Partiamo dal presupposto che l’inflazione in area euro, diversamente da quanto accade negli Stati Uniti, è un’inflazione da offerta, da prezzi, determinata ed alimentata non da un surplus di domanda di beni e servizi ma dall’aumento dei costi delle materie prime o dall’improvviso calo di offerta dovuta a riduzioni della produzione per fattori esogeni (per esempio l’invasione dell’Ucraina da parte della Federazione russa o l’epidemia di Covid19). In questo panorama, sia la Bce che il Fondo Monetario Internazionale hanno messo sul banco degli imputati, fra gli altri, il mondo imprenditoriale, accusato di aver incrementato i prezzi dei propri prodotti in misura maggiore rispetto all’aumento dei costi di produzione al fine di salvaguardare o anche aumentare i margini. Al comportamento di queste aziende viene quindi imputata una buona parte della responsabilità della fiammata inflazionistica, molto più di quanto non lo sia stata l’effettiva crescita dei costi delle materie prime.
In altre parole, quindi, molte imprese starebbero approfittando della situazione, come confermato dal forte incremento degli utili di vari settori industriali, che continua anche se molte problematiche che avevano effettivamente causato un aumento dei costi di produzione – la pandemia, la difficoltà negli approvvigionamenti, il costo dell’energia – sembrano ormai risolte o hanno comunque perso la loro forte spinta iniziale. In una simile situazione, lo strumento della politica monetaria restrittiva per il controllo dell’inflazione rischia non solo di perdere molta della sua efficacia, ma addirittura di fare danni e portare con sé effetti recessivi che alla fine potrebbero essere ancora più pericolosi dell’inflazione.
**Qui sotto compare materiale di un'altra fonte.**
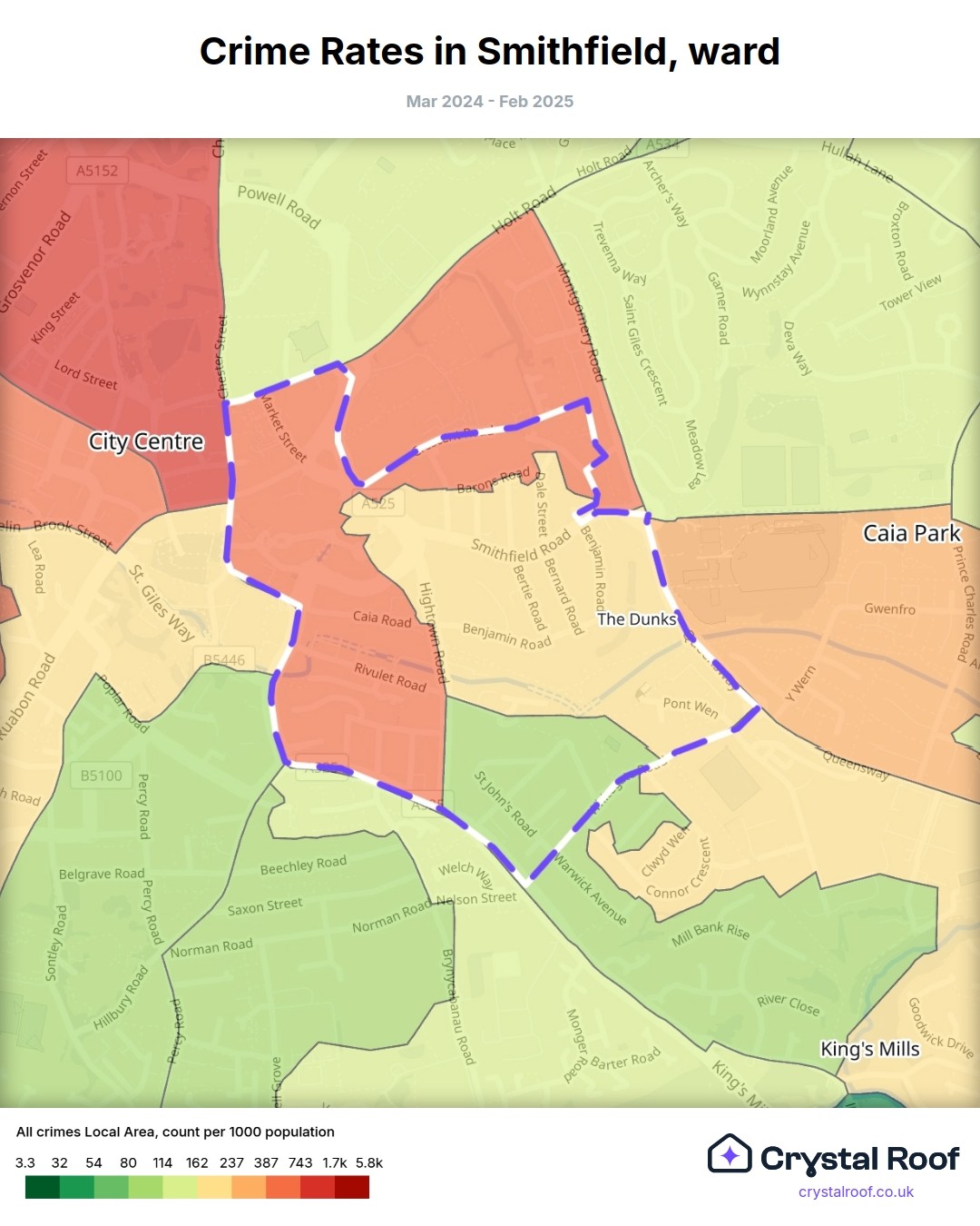 Smithfield (ward) is located within Wrexham (borough). Annual total crime rate in Wrexham (borough) is 105 crimes per thousand resident population, which can be rated as 5 out of 10 or medium crime level compared to other local authority districts in England and Wales.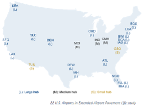 The extension of airport pavement life encompasses all airport pavement research and development areas (design, materials, and evaluation), as well as various airport safety areas. Since 2011, the FAA has collected data related to extending airport pavement life from 28 runways at 22 U. S. airports. These data include 17 of the 30 airports designated large hubs in 2017, as well as three medium-hub and two small-hub airports.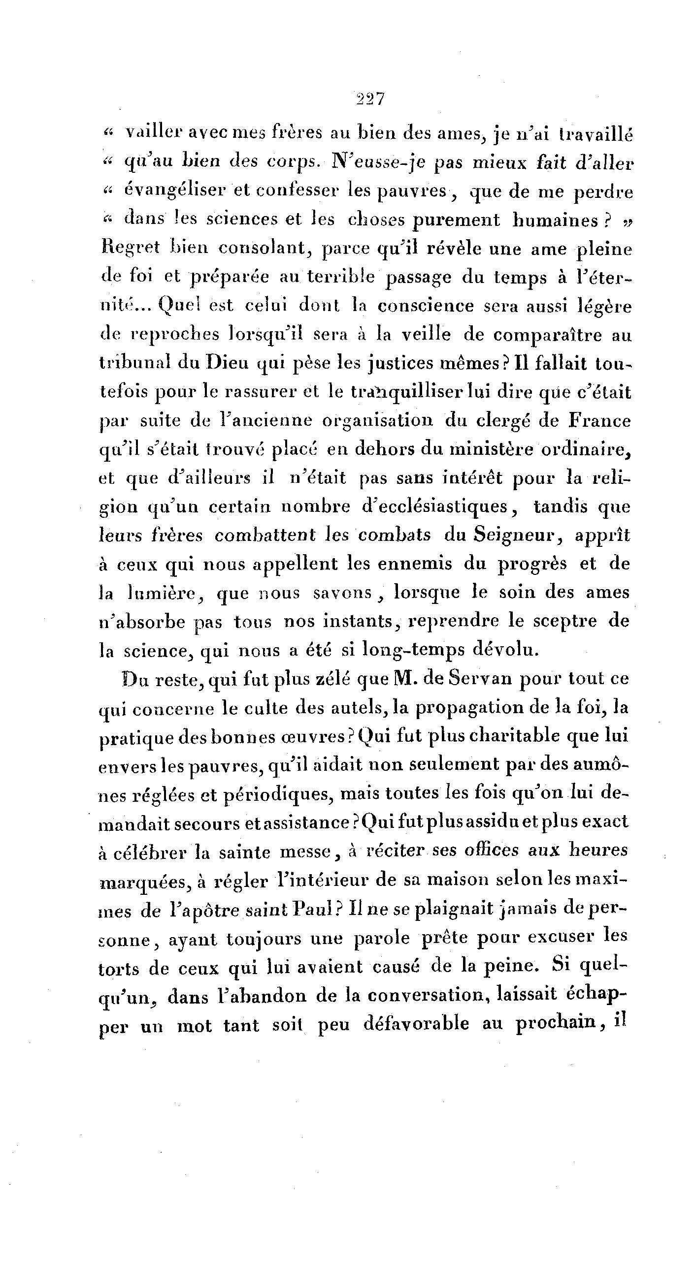 227 « vailler avec mes frères au bien des âmes, je n'ai travaillé « qu'au bien des corps. N'eusse-je pas mieux fait d'aller « évangéliser et confesser les pauvres, que de me perdre « dans les sciences et les choses purement humaines ? » Regret bien consolant, parce qu'il révèle une ame pleine de foi et préparée au terrible passage du temps à l'éter- nité... Quel est celui dont la conscience sera aussi légère de reproches lorsqu'il sera à la veille de comparaître au tribunal du Dieu qui pèse les justices mêmes? Il fallait tou- tefois pour le rassurer et le tranquilliser lui dire que c'était par suite de l'ancienne organisation du clergé de France qu'il s'était trouvé placé en dehors du ministère ordinaire, et que d'ailleurs il n'était pas sans intérêt pour la reli- gion qu'un certain nombre d'ecclésiastiques, tandis que leurs frères combattent les combats du Seigneur, apprît à ceux qui nous appellent les ennemis du progrès et de la lumière, que nous savons, lorsque le soin des âmes n'absorbe pas tous nos instants, reprendre le sceptre de la science, qui nous a été si long-temps dévolu. Du reste, qui fut plus zélé que M. de Servan pour tout ce qui concerne le culte des autels, la propagation de la foi, la pratique des bonnes œuvres?Qui fut plus charitable que lui envers les pauvres, qu'il aidait non seulement par des aumô- nes réglées et périodiques, mais toutes les fois qu'on lui de- mandait secours et assistance ? Qui fut plus assidu et plus exact à célébrer la sainte messe, à réciter ses offices aux heures marquées, à régler l'intérieur de sa maison selon les maxi- mes de l'apôtre saint Paul? Il ne se plaignait jamais de per- sonne, ayant toujours une parole prête pour excuser les torts de ceux qui lui avaient causé de la peine. Si quel- qu'un, dans l'abandon de la conversation, laissait échap- per un mot tant soit peu défavorable au prochain, il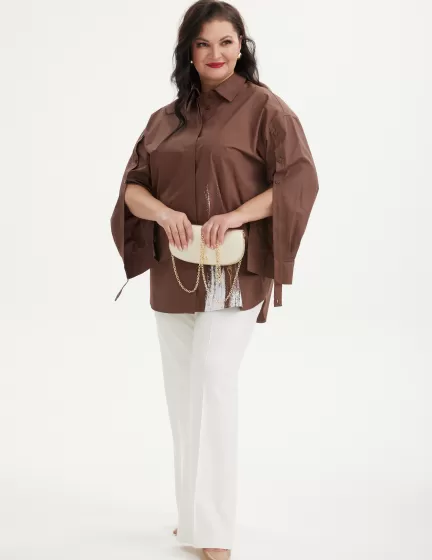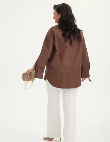 Повседневными. Бренд предлагает множество отличных моделей для спокойного кэжуал образа. Свободные и полуприталенные рубашки коричневого цвета хорошо сидят на женской фигуре, корректируя силуэт.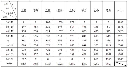 (2)北纬90°在夏至日较南纬90°在冬至日获得的太阳辐射日总量少73×4.2焦/厘米2·日,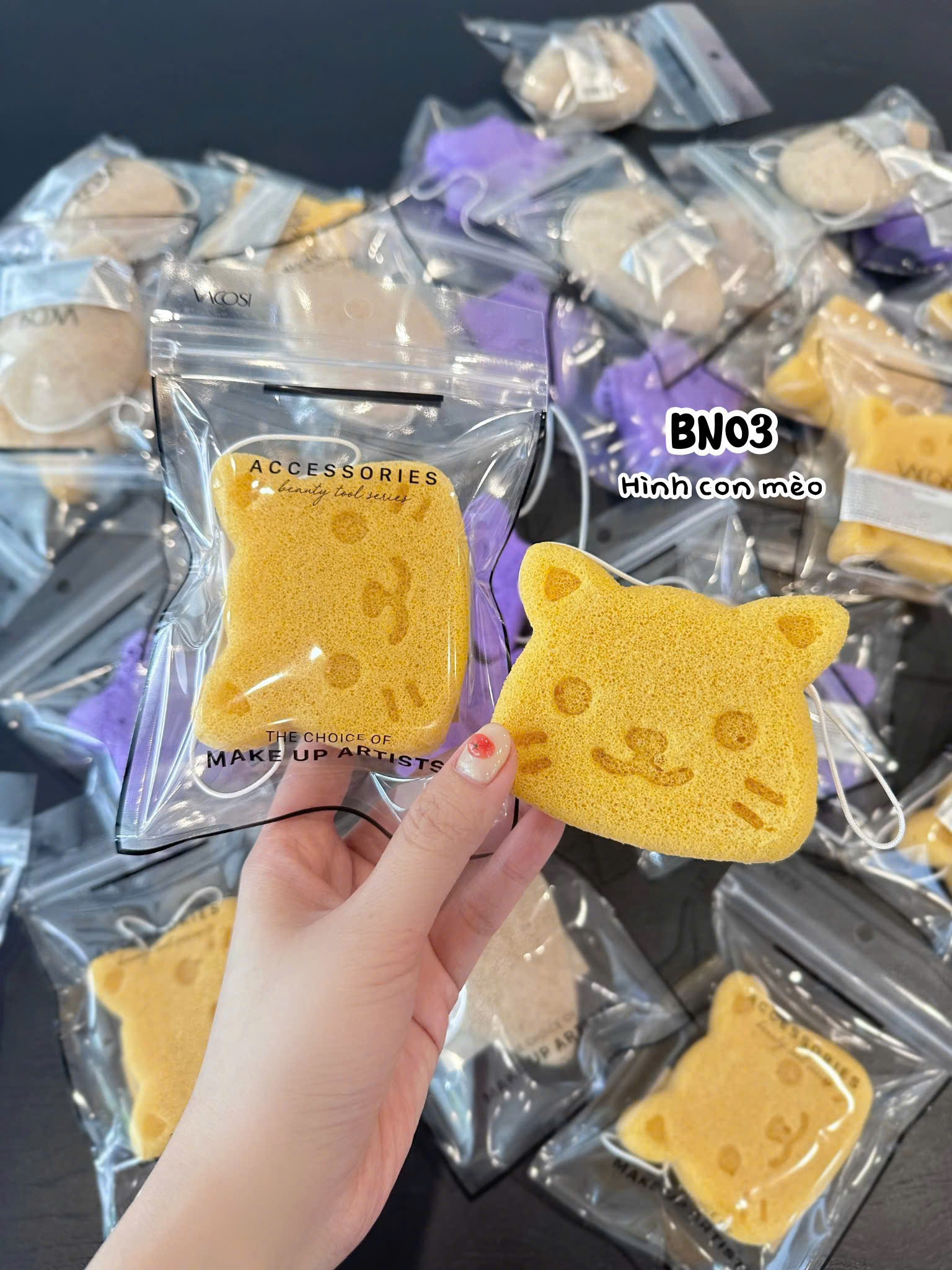 SET 3 BÔNG MÚT MINI XỎ NGÓN: HỒNG - KEM - TÍM - BP54-02 Bông mút mini xỏ ngón VACOSI có kích thước nhỏ gọn, nhiều hình dáng dễ thương với chất liệu mới HYDROPHILIC

La politica monetaria restrittiva rischia infatti di innescare una nuova crisi dell’economia globale a distanza di poco più di due anni da quella drammatica causata dalla pandemia. Quindi sulle base di queste considerazioni, faccio mie le parole del prossimo Governatore della Banca d’ Italia, Fabio Panetta, che in tema di rialzo dei tassi ha saggiamente dichiarato “dovremo essere risoluti ma giudiziosi, con l’obiettivo di abbassare l’inflazione senza danneggiare inutilmente l’attività economica”. L’aumento dei tassi, con le ovvie conseguenze di ulteriori riduzioni dei consumi, di calo degli investimenti, di aggravio pesante delle rate dei mutui e dei prestiti, metterebbe sulle spalle di tanti italiani un nuovo, pesante fardello. Ma in questo panorama i cittadini, i consumatori hanno a disposizione un’arma importante, che può fortemente contribuire a raffreddare l’inflazione: modificare le loro scelte di acquisto. Evitare di comprare prodotti che hanno registrato aumenti di prezzo ingiustificati, indirizzare le loro scelte verso prodotti made in Italy, made in Europe, a km. zero, mettere in pratica una politica di acquisto parsimoniosa e ragionata che spinga il mercato a riposizionarsi.

E la prima che dovrebbe dare il buon esempio è proprio la Presidente Lagarde, che non perde occasione per sfoggiare splendide mantelle e brillanti da molti carati… Ci sarebbe poi la necessità di trovare il modo di trasferire parte degli ingenti incrementi di utili di molte aziende, in primis i colossi energetici partecipati dallo Stato, alle buste paga dei lavoratori, migliorandone il potere di acquisto, ma questo è tutto un altro discorso. Parliamone.